Literature suggests that uncertainty estimation techniques allowing for equifinality can be broadly classified as formal (e.g., Bayesian) limited by requirements on prior knowledge and informal (e.g., generalized likelihood uncertainty estimation, GLUE) limited by subjectivity but simple (Vrugt et al. 2009). Here, GLUE, a useful paradigm that avoids overconditioning and estimates prediction quantiles is chosen for uncertainty analysis.

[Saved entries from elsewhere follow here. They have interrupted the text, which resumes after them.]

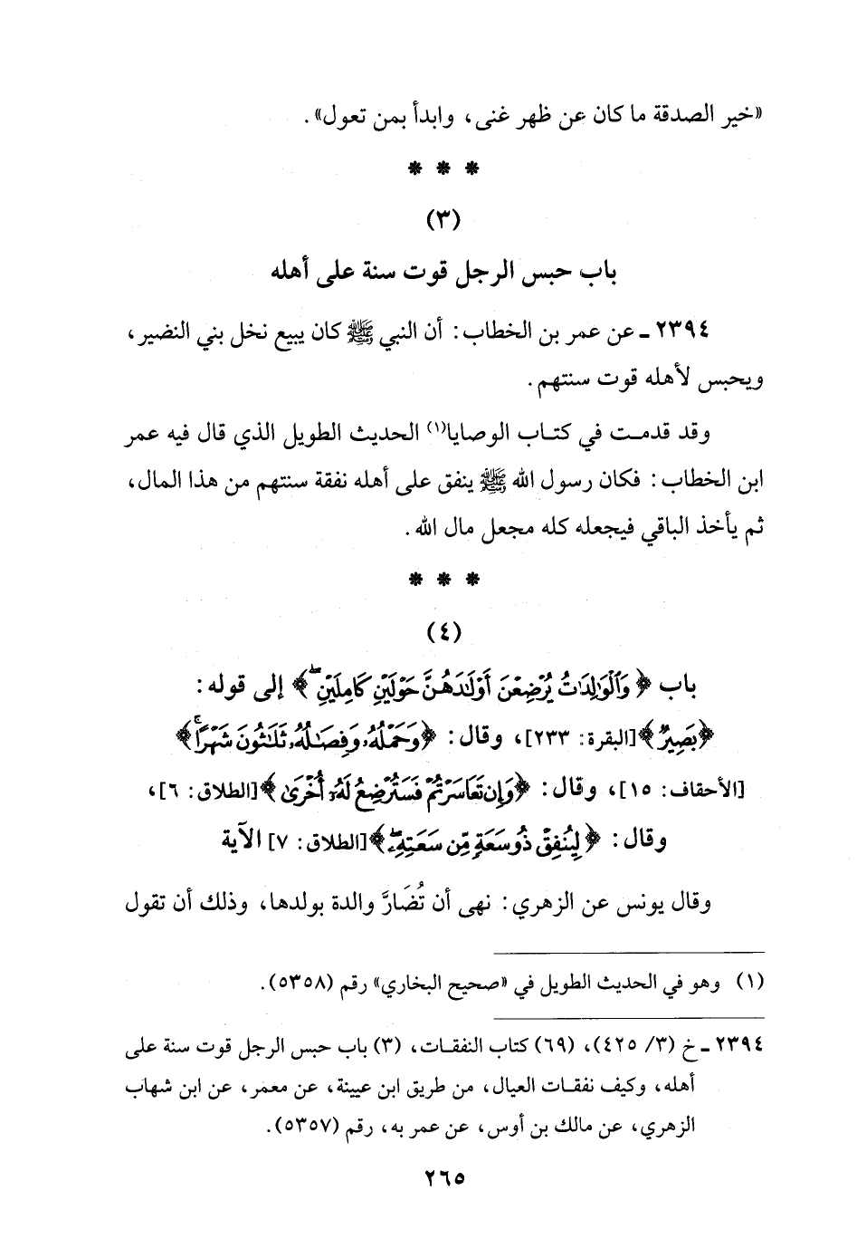 2394 - خ (3/ 425)، (69) كتاب النفقات، (3) باب حبس الرجل قوت سنة على أهله، وكيف نفقات العيال، من طريق ابن عيينة، عن معمر، عن ابن شهاب الزهري، عن مالك بن أوس، عن عمر به، رقم (5357).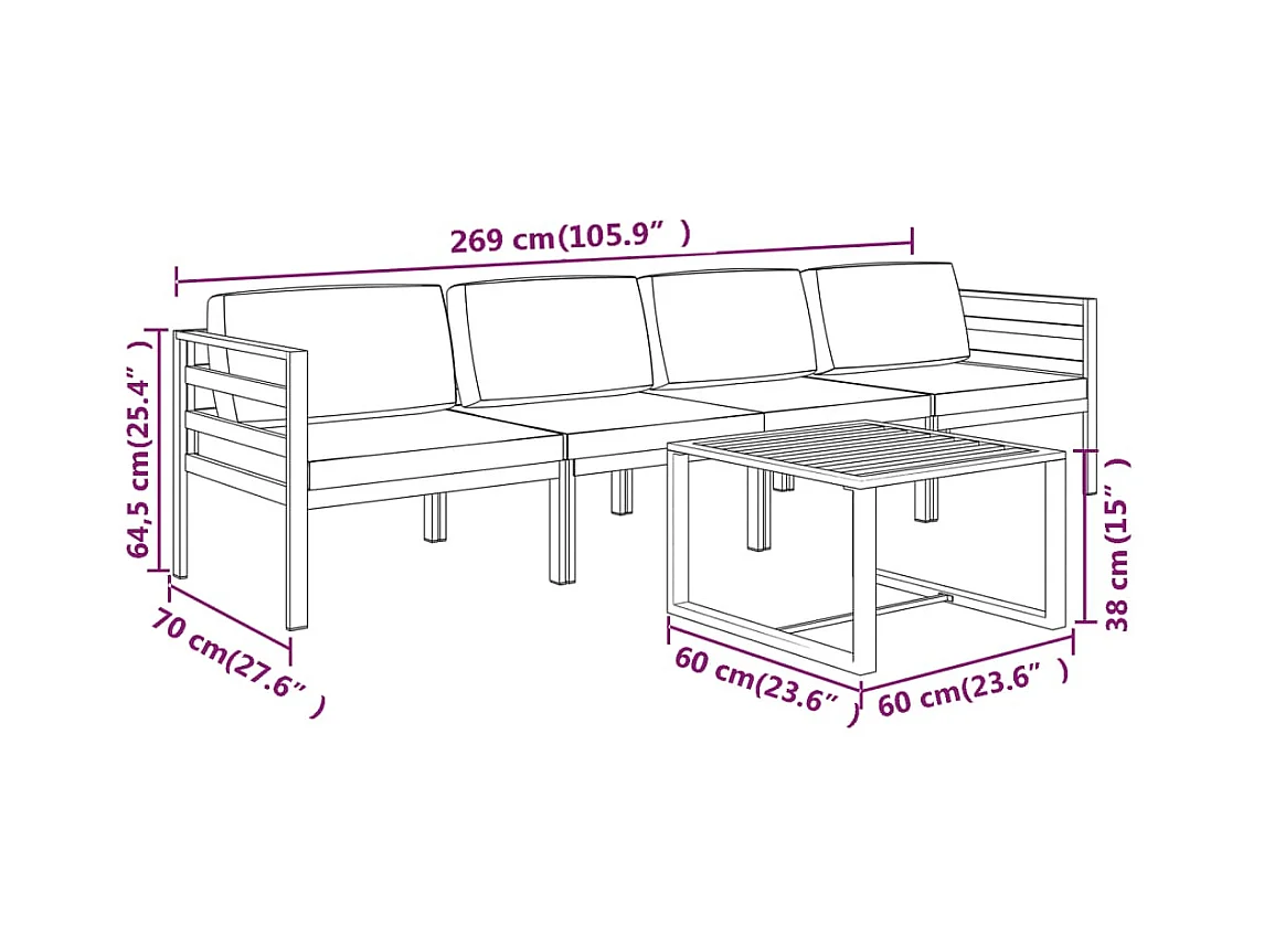 Set Divani da Giardino 5 pz con Cuscini in Alluminio Antracite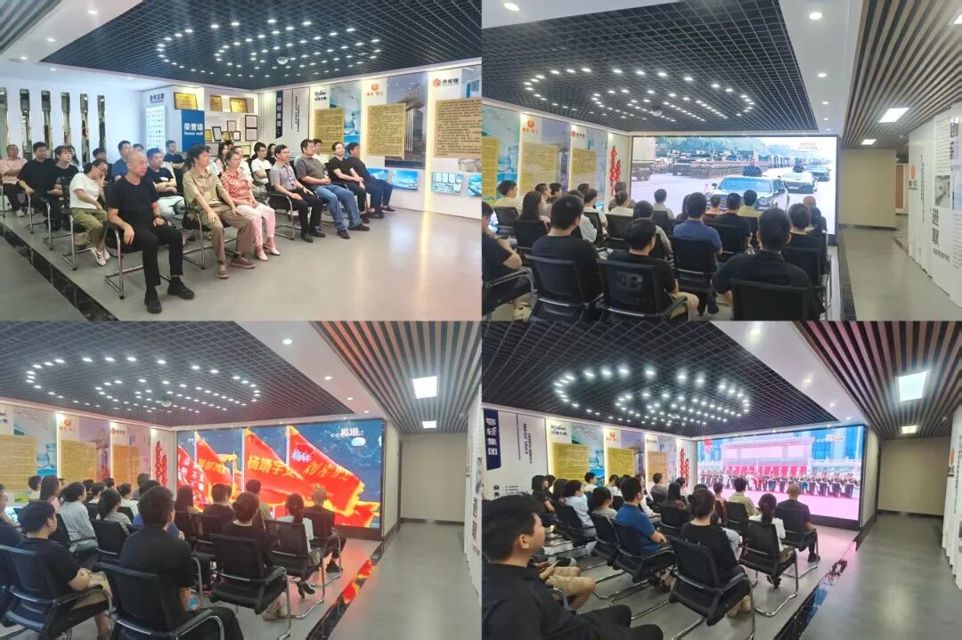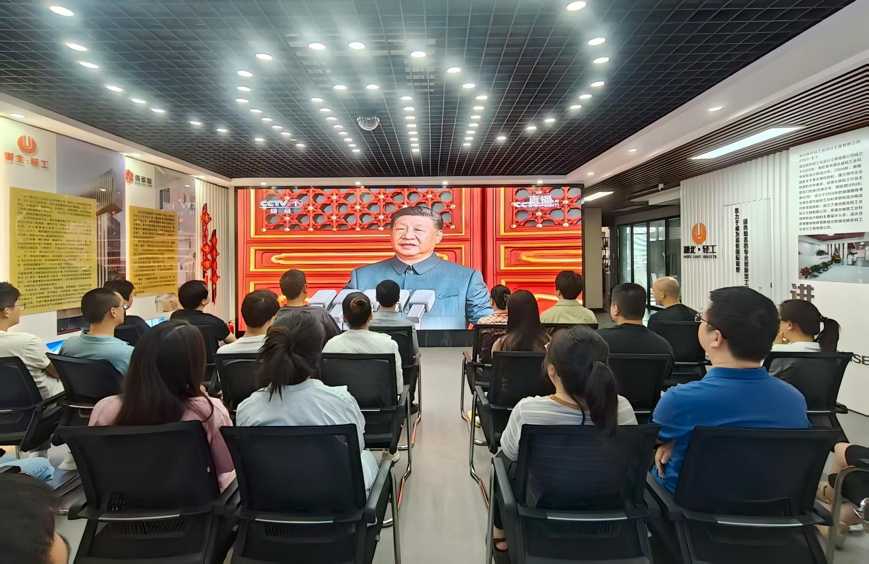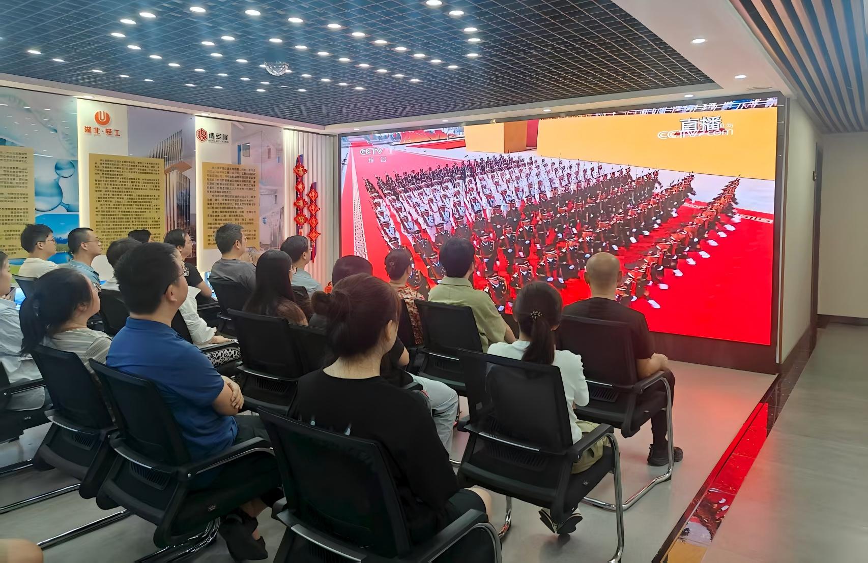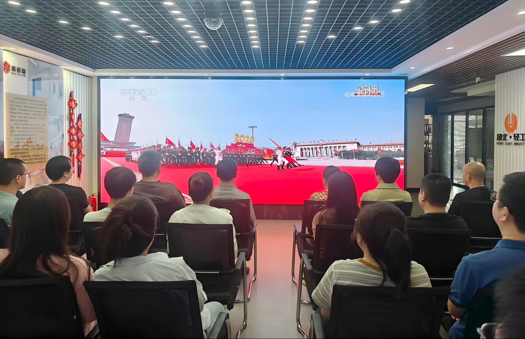 9月3日上午9时,纪念中国人民抗日战争暨世界反法西斯战争胜利80周年大会在北京天安门广场隆重举行,26国领导人齐聚天安门城楼,共襄这一举世瞩目的盛举。为弘扬爱国主义精神,铭记历史、珍爱和平,湖北联合轻工组织全体员工集体观看了此次阅兵盛典的直播,一同感受祖国的强大与繁荣。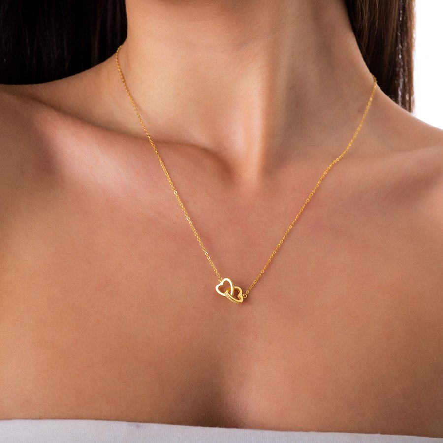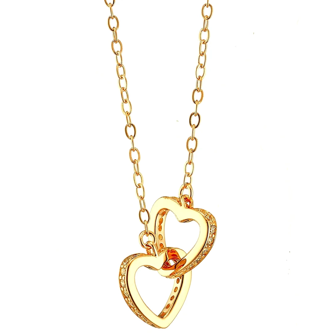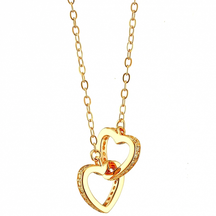 Oxzen κολιέ ασημένιο διπλή καρδιά ενωμένη με λευκά ζιργκόν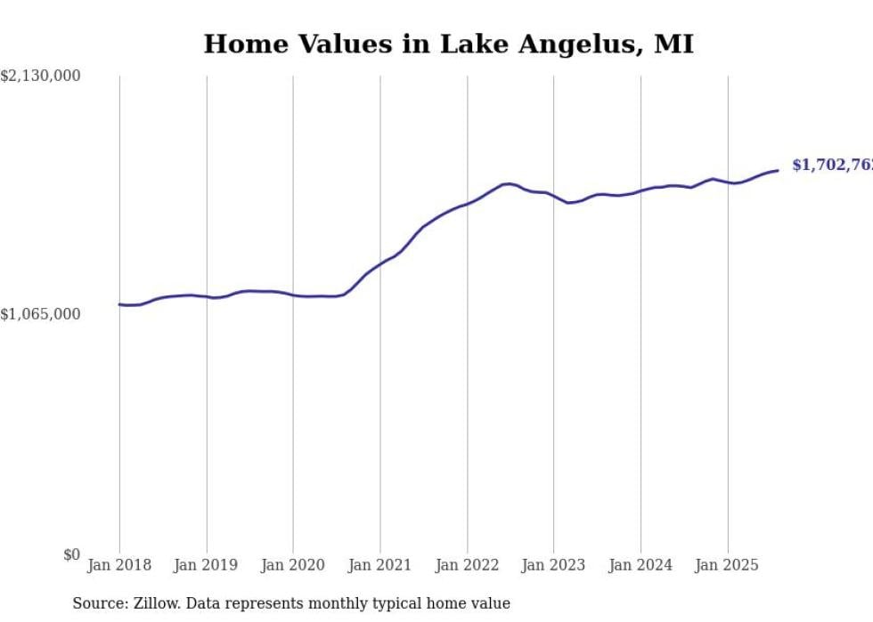 Stacker compiled a list of cities with the most expensive homes in Michigan using data from Zillow. Cities are ranked by the Zillow Home Values Index for all homes as of August 2025. The charts in this story were created automatically using Matplotlib.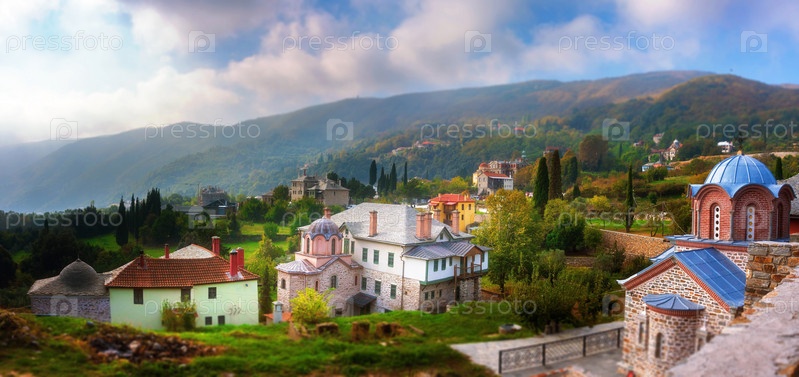 Пейзажи и детали зданий в Кариесе, столице Святой Горы Афон
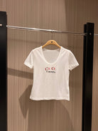 CC Hand-beaded Coco letter U-neck T-shirt Cotton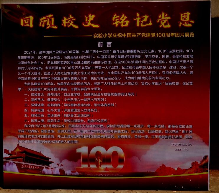 “在中国共产党建党100周年来临之际,学校通过“回顾校史、铭记党恩”图片展览的形式,来表达全体师生对党的恩情,并以此为动力,培养我校教师志存高远、爱岗敬业、争创一流、甘于奉献的良好品质,为滨海区教育事业的发展做出新的更大的贡献。”滨海实验小学校长张艳玲如此说。
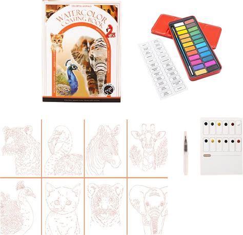 RGBMIX Watercolor Coloring Book For Adults Stress Relief Foldable Painting Pad With 24-Color Paint (Animals)

All Evolutionary Superflex configurations generated using 14 objective functions that have rightly induced the inherent model structures M4 and M12 for Q_MIV and Q_MXII, respectively, are listed and the corresponding parameter sets are chosen for uncertainty analysis using GLUE. From the chosen parameter sets belonging to behavioural model space, elimination of those that do not perform adequately is carried out based on SIS criterion (likelihood measure) and the threshold is set as 0. More weight is assigned to parameter sets that result in negative SIS values and the prediction boundaries are constructed as shown in Figures 4 and 5. The percentage of observed values falling outside the prediction limits are observed as 1.49% and 3.58% for Q_MIV and Q_MXII, respectively. The width of the prediction boundary for Q_MIV (0.67) is smaller than for Q_MXII (0.99), which can be attributed to higher complexity of inherent model (M12) of Q_MXII. It can be seen in Figures 4 and 5 that the observed values closely follow the 50% quantile (median) of the simulated values. It has also been verified that uncertainty bands derived using parameter sets given by Evolutionary Superflex are narrower than using parameter sets randomly drawn from uniform distributions (with user specified parameter ranges) for the same likelihood measure (SIS).

Figure 4

Uncertainty ranges of predictions of Evolutionary Superflex derived using GLUE for a representative portion of Q_MIV.

Figure 4

Uncertainty ranges of predictions of Evolutionary Superflex derived using GLUE for a representative portion of Q_MIV.

Figure 5

Uncertainty ranges of predictions of Evolutionary Superflex derived using GLUE for a representative portion of Q_MXII.

Figure 5

Uncertainty ranges of predictions of Evolutionary Superflex derived using GLUE for a representative portion of Q_MXII.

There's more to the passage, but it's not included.